*What to do*:
Every line of the data below is to be given again as it appears, with the images removed.

*Collected material*:
┄┄┄┄┄┄┄┄┄┄

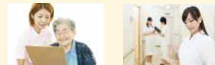
◎イベントも充実の通いサービス

専門知識と技術を持った看護師がご訪問して、医師の指示による医療処置、健康状態・病状の観察、リハビリ、療養上のお世話などをいたします。
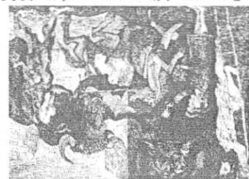
P. PICASSO, Minoan Warrior , 1935

┄┄┄┄┄┄┄┄┄┄

*Solution to the exercise*:
◎イベントも充実の通いサービス

専門知識と技術を持った看護師がご訪問して、医師の指示による医療処置、健康状態・病状の観察、リハビリ、療養上のお世話などをいたします。
P. PICASSO, Minoan Warrior , 1935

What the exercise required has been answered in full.